SMART-PD: Evaluating the Impact of Smartphone-Based Wearable Technology on Motor Symptoms and Quality of Life in People With Parkinson's Disease

NCT ID: NCT07066163

Last Updated: 2025-07-15

Basic Information

• Recruitment Status: NOT_YET_RECRUITING
• Clinical Phase: NA
• Total Enrollment: 32 participants
• Study Classification: INTERVENTIONAL
• Study Start Date: 2026-01-31
• Study Completion Date: 2029-05-31

Brief Summary

This study aims to evaluate whether wearable technology can improve the management of motor symptoms in people with Parkinson's disease (PD) who experience motor fluctuations throughout the day. The project will use a smartwatch and mobile app (KinesiaU) to continuously track movement, allowing for more responsive and personalized treatment compared to traditional monitoring methods.

In this pilot randomized controlled trial, 32 participants will be assigned to either:

A control group receiving standard care, or

A wearable device group receiving standard care plus using the smartwatch.

Outcomes will be assessed over a 4-week period, focusing on changes in motor function, quality of life, and self-management. The study will also examine feasibility, adherence, and data quality.

If successful, this trial will provide critical evidence for integrating wearable devices into routine clinical care for PD, paving the way for larger efficacy trials and more patient-centered care strategies.

Detailed Description

Parkinson's disease (PD) is a common brain disorder that affects movement. It usually develops later in life and gradually worsens over time. People with Parkinson's may experience symptoms such as shaking (tremor), slow movement (bradykinesia), muscle stiffness, and problems with walking or balance. What makes Parkinson's especially challenging is that these symptoms can change throughout the day - a person may feel relatively well one moment and struggle to move just hours later.

Why is this a problem? This daily fluctuation in symptoms - known as motor fluctuations - makes it difficult for both patients and doctors to manage the disease. Traditional ways of monitoring symptoms, like keeping a diary or waiting until the next doctor's visit, don't always capture the full picture of what's happening. This can lead to treatment plans that don't match a person's actual needs.

What is the study about?
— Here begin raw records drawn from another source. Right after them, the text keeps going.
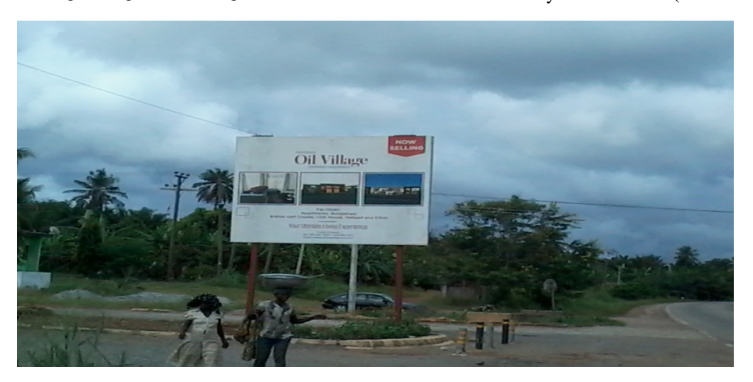
Figure 1. Photo showing real estate's springing up in the Western region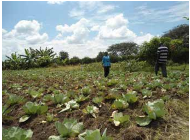
Project demonstration gardens at St. Mary's Kaihura Primary School in Kaihura village Butiiti subcounty Kyenjojo district (left) and St. Peters Primary School Nyakasanga in Umoja village Kasese Municipality Kasese District (right)

Key activities implemented at district, school and community level mainly using balances from FY 2018/19 or borrowed funds included setting up new and maintaining existing demonstration gardens; school based nutrition education for students and Parent Groups; holding community meetings to sensitize them about nutrition good practices and cookery demonstrations; and project monitoring and supervision.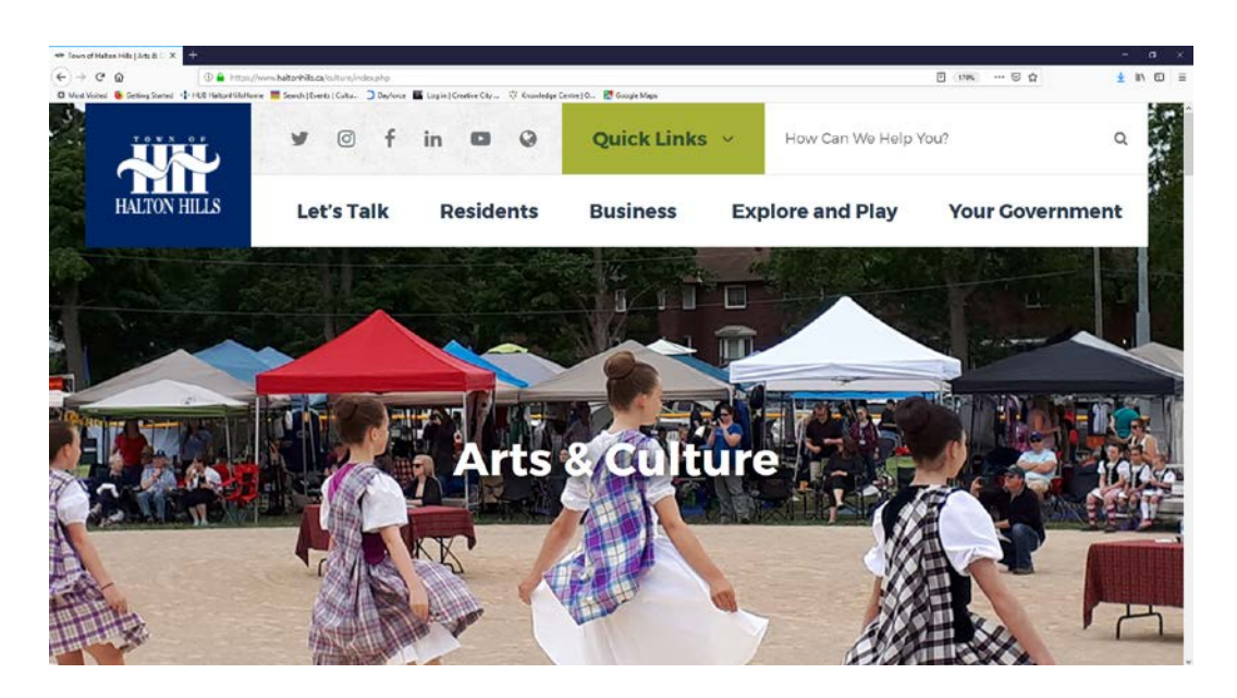
Screenshot of the new Arts and Culture webpage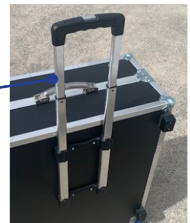
Retractable, Telescopic Handle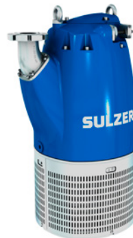
Submersible drainage pump XJ 900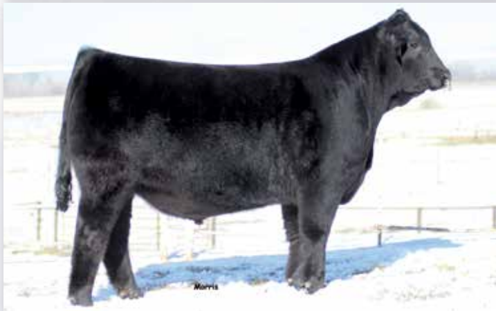
MAGS AVIATOR | Service sire to Lot 1

It's hard to know where to start when describing this phenomenal black, polled 68% Lim-Flex spring bred female. From a pedigree standpoint she boasts sires and dams of distinction up and down both sides of her pedigree, beginning with her sire, the wildly popular AI sire of both performance and phenotype, MAGS Ali. On the bottom side is none other than one of the greatest purebred donors to exist, MAGS Manuela. Her influence and revenue generating power is among the all-time greats in the breed. Phenotypically, this female is solid from the ground up while displaying ample muscle, a level top and a sweeping ribcage. On paper, she projects to add breed-leading genetics for weaning weight, yearling weight, scrotal circumference and carcass weight. The icing on the cake is her service to MAGS Aviator, one of the most popular Lim-Flex AI sires in the breed today. All the parts and pieces are in place, giving every indication that AUTO Ebony 202E is destined to become a dominant force in the pages of Limousin history.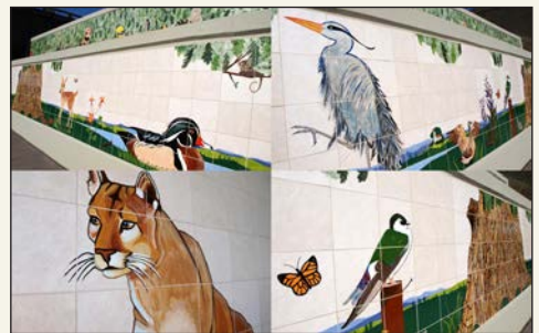
Collages of decorative art-tiles produced by Wilsonville public school students for the "Beauty & the Bridge" I-5 interchange student art project, which was part of the larger I-5/Wilsonville Road interchange improvement project completed in 2012.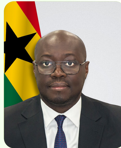
Hon. Dr. Cassiel Ato Baah Forson Minister for Finance

Additionally, the Finance Minister and Deputy publicly filed their tax returns to promote tax compliance, while Government continued mobilising transparent support for the Black Stars' participation in the 2026 FIFA World Cup.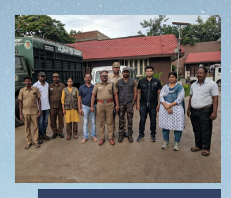
AAZP & NZP Team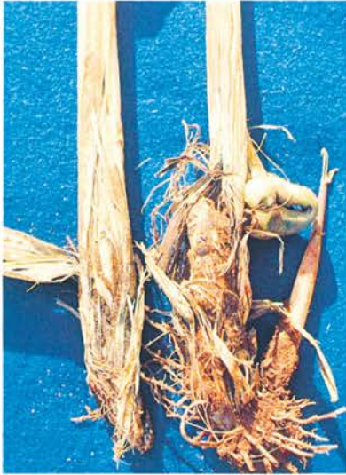
Figure 1. Iliau: binding of leaf sheaths and distortion of emerging stem (S. Matsuoka).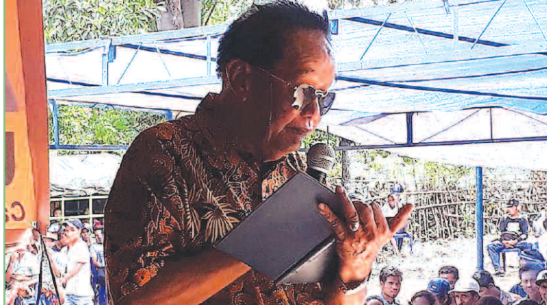
The king of TanaMbanas speaking at the rally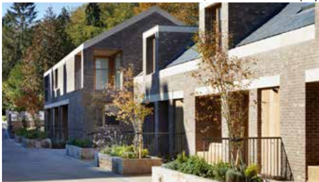
Wilderness Mews, Sevenoaks. Morris+Company

To enhance civic pride, improve the appearance of a place over the long-term, reduce maintenance requirements and improve wayfinding using high quality, long-lasting materials.

We are exploring whether using wearable technology - in this case, a smartwatch and mobile app called KinesiaU - can help people with Parkinson's and their doctors better track and manage symptoms. The smartwatch measures movement throughout the day and sends data to a mobile app. This gives a more accurate and detailed view of how symptoms change over time, outside of the doctor's office.
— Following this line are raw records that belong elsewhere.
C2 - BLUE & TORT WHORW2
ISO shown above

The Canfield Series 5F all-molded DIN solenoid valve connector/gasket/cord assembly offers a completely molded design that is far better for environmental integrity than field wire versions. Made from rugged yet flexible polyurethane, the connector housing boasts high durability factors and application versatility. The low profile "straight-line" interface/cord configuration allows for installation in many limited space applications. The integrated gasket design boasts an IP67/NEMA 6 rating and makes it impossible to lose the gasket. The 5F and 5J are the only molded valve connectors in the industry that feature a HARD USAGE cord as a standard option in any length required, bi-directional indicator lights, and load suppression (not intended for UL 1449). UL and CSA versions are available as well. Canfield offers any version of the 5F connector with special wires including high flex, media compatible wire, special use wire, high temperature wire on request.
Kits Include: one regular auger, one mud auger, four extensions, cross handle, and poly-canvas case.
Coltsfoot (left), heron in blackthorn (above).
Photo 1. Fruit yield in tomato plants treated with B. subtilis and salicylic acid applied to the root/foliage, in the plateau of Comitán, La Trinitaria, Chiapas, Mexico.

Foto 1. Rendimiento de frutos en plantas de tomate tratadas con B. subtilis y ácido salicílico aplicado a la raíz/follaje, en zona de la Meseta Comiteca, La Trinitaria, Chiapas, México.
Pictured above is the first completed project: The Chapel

Who is involved in the study?

The study will include 32 people living with Parkinson's disease who are experiencing motor fluctuations. They will be randomly divided into two groups:

Group 1: Standard Care Group - These participants will continue their regular care, which may include doctor visits, motor symptom diaries, and interviews with their care team.

Group 2: Wearable Device Group - These participants will also receive standard care plus use the KinesiaU smartwatch and app. They will wear the device at least five days a week, and the information it collects will be used by their doctors to make timely and personalized treatment decisions.

How will the study work?

Everyone in the study will be assessed at the beginning, then again at Week 2 and Week 4. During these check-ins,Investigators will measure:

Changes in movement symptoms using a standard clinical scale (MDS-UPDRS III)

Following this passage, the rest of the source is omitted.